Дамы и господа, друзья и соседи, люди добрые, посмотрите — у нас тут обиженка нарисовалась. Раньше во дворе говорили, что на таких как он, воду возят. Но на БАСКО где сядешь, там и вокзал. Поэтому я вообще решил на него внимания не обращать.

— Что это за парочка?

Катерина неодобрительно покосилась на меня.

— Это вам не парочка… Опытные, волевые, смекалистые. Безжалостные к упырям и милосердные к народу. Старшие говорили, что воинов, подобных им, наш мир еще не видывал и вряд ли когда-нибудь увидит.

Ну конечно. Типичное брюзжание на тему “раньше было лучше”. Тема извечная, на самом деле, потому что рано или поздно любой приходит в точку, из которой трава в прошлом кажется зеленее, ситро в автомате слаще, а зарплата больше.

А при Вожде у меня х…кхм… кол стоял!

— Что с ними стало? — взволнованно спросила Софа.

А ты бы не волновался, если б про судьбу матери спрашивал?

Я вздохнул. На душе сделалось горько и мерзко. За всей этой фантастической кутерьмой с упырями я совсем забыл, что по сути, маму-то покинул. Она у меня, конечно, дама пробивная, но все равно. Сначала муж неведомо где пропал, а потом еще и сын с работы не вернулся. Готов поставить хату на то, что когда она заявила куда надо после моей пропажи, через некоторое время в квартиру пожаловал неприметный мужичок в штатском. И настоятельно порекомендовал поменьше возмущаться.
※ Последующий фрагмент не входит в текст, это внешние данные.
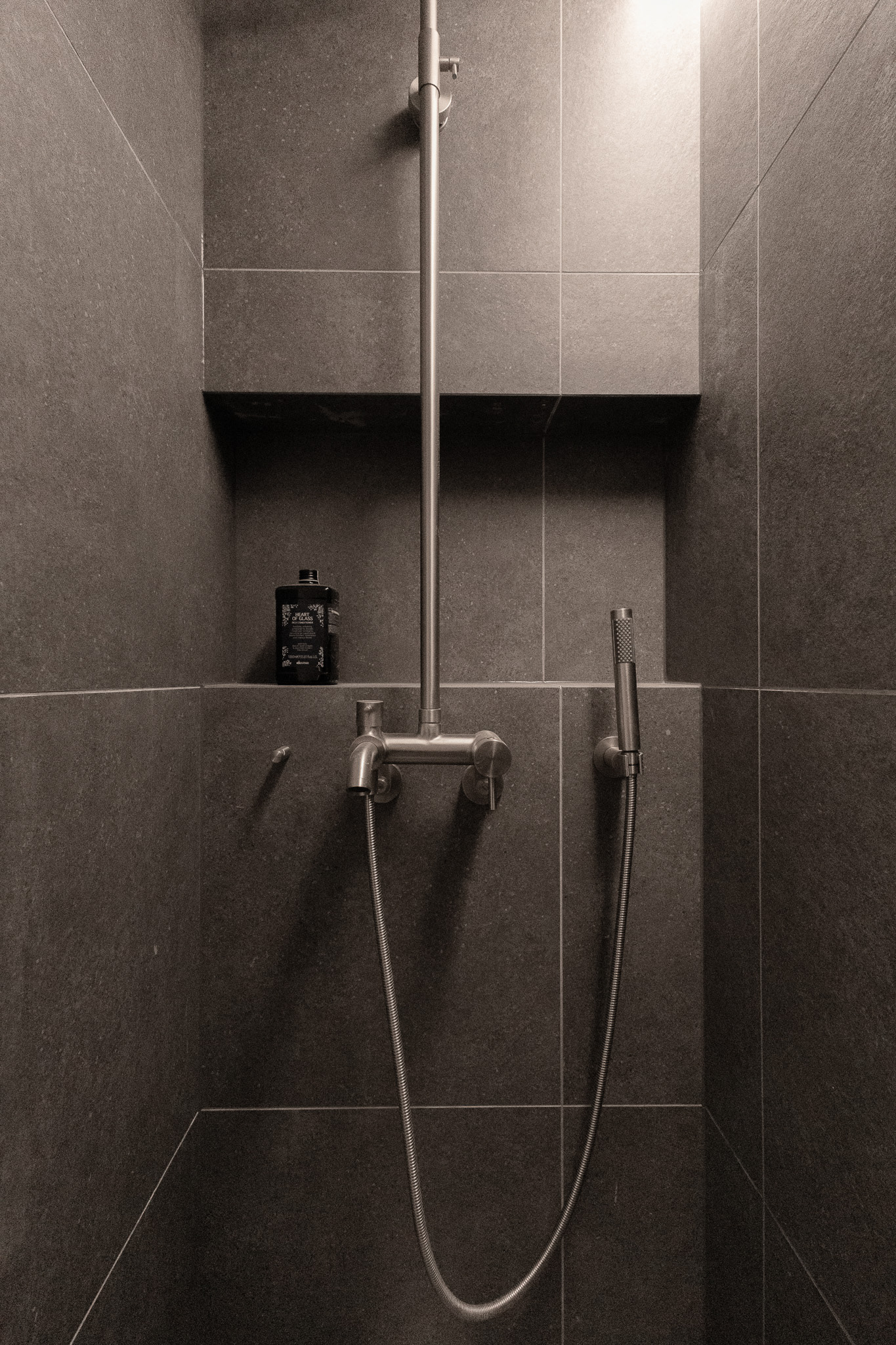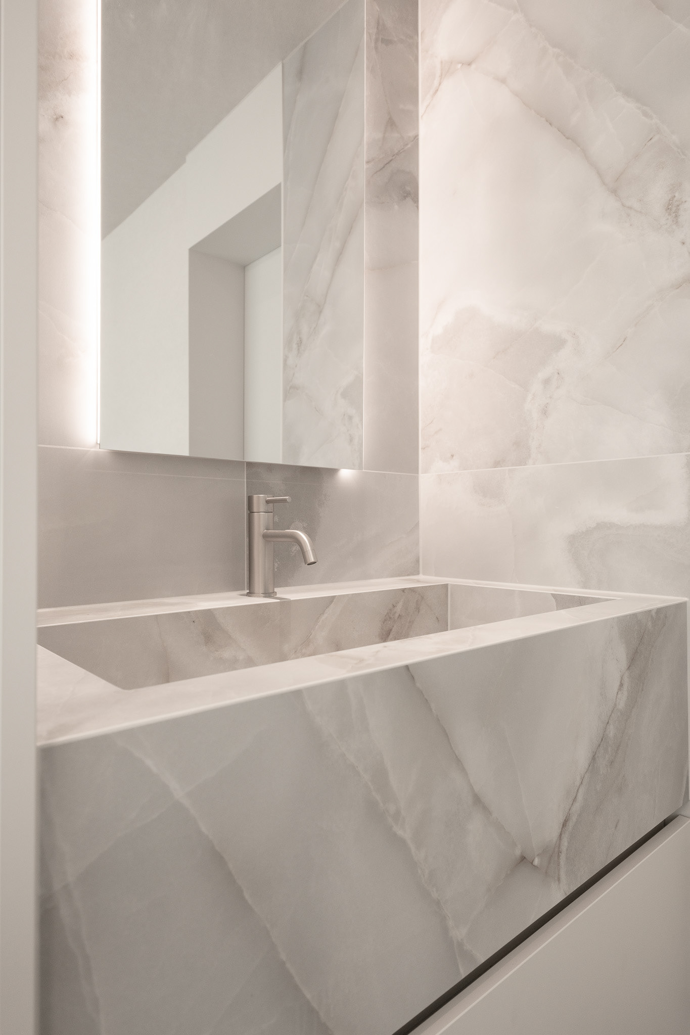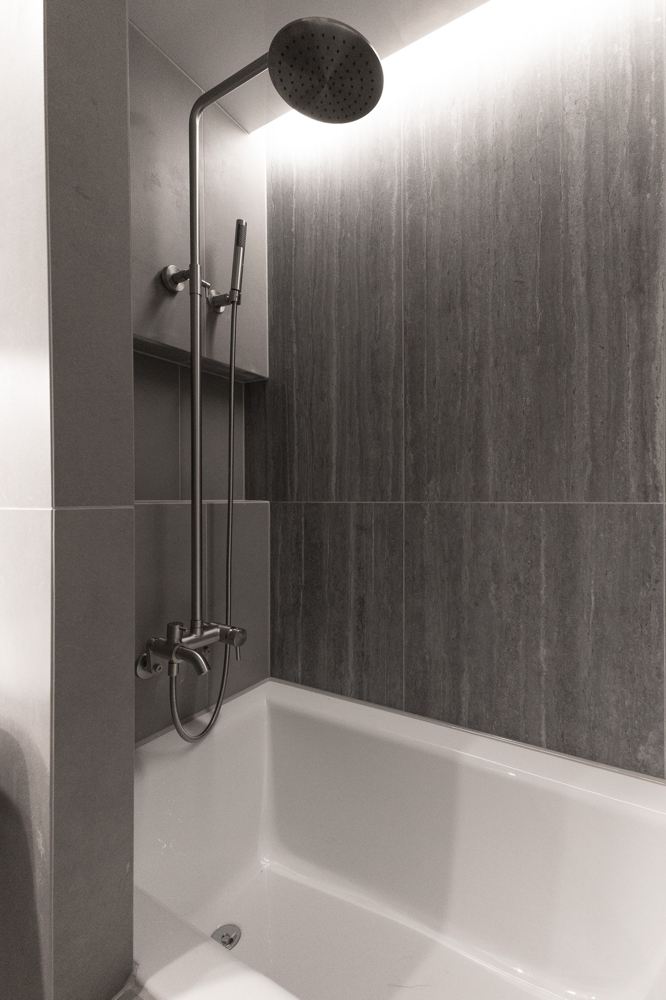 이번 현장의 구조적 묘미는 욕실에서 한 번 더 빛을 발합니다. 비좁았던 안방 화장실의 한계를 극복하기 위해 세면대를 침실 공간으로 과감히 꺼내어, 마치 고급 호텔과 같은 세련된 건식 세면대를 조성했습니다. 세면대가 비워지며 한결 여유로워진 욕실 내부에는 쾌적한 독립 샤워 공간을 새롭게 마련했습니다. 또한, 모든 화장실에는 600x1200각의 큼직한 대형 타일을 시공하여 시선을 확장시키고, 공간이 좁아 보이지 않도록 했습니다.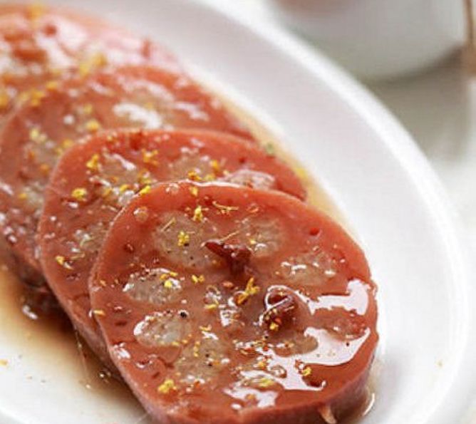 把藕节洗净去皮,在顶端切一个小帽子,往藕孔中塞满泡好的糯米,用牙签封牢盖子,加水、红糖大火煮开,转中火煮一小时,再加冰糖改小火煮一小时,出锅以后切片摆盘,撒上桂花酱就大功告成!桂花的甜香、糯米的软弹、莲藕的黏滑,让这道中式甜点成为不少人的心头好总惦记。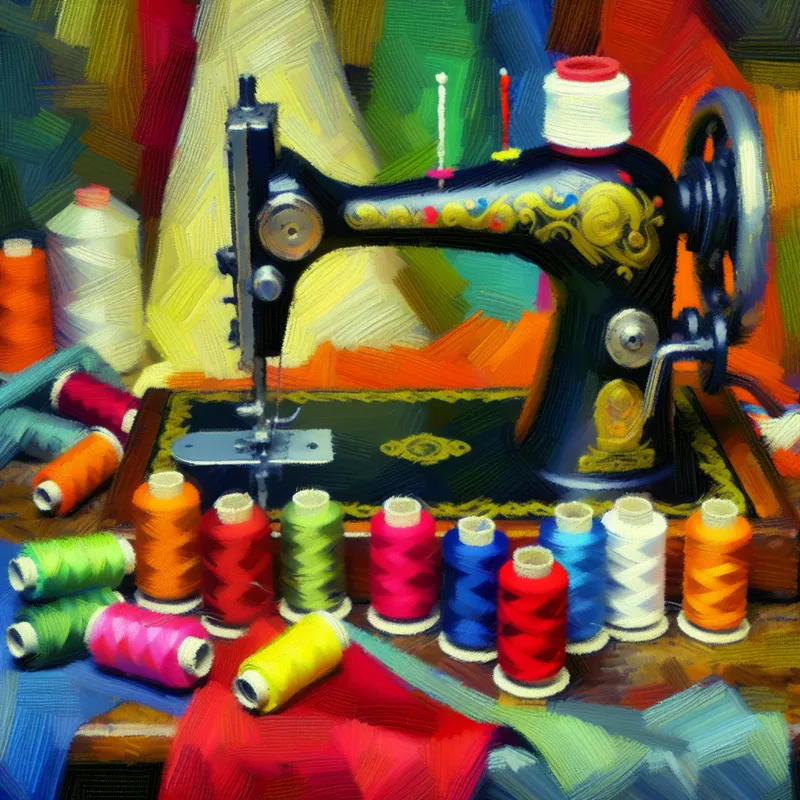 Naaimachine Stillife met Kleurige Garen en Lege Spoel

Маман у меня пробивная, это да. Но и благоразумная. Некоторых мужичков в штатском стоит послушать.

А я пока стоял перед фреской, смотрел в светлые глаза неведомой магички и тоже слушал. Катькину болтовню.

— Никто не знает, — отвечала она тем временем. Воины исчезли, а куда — можно только гадать. Одни говорят, что их убили, а тела замуровали в стену из заговоренного кирпича. Другие — что воины исчезли во время очищающего обряда, кто-то из послушников ошибся в чтении заклятия. Наконец, некоторые считают, что они и по сей день бьются с Вождем в главной палате его скорбной обители.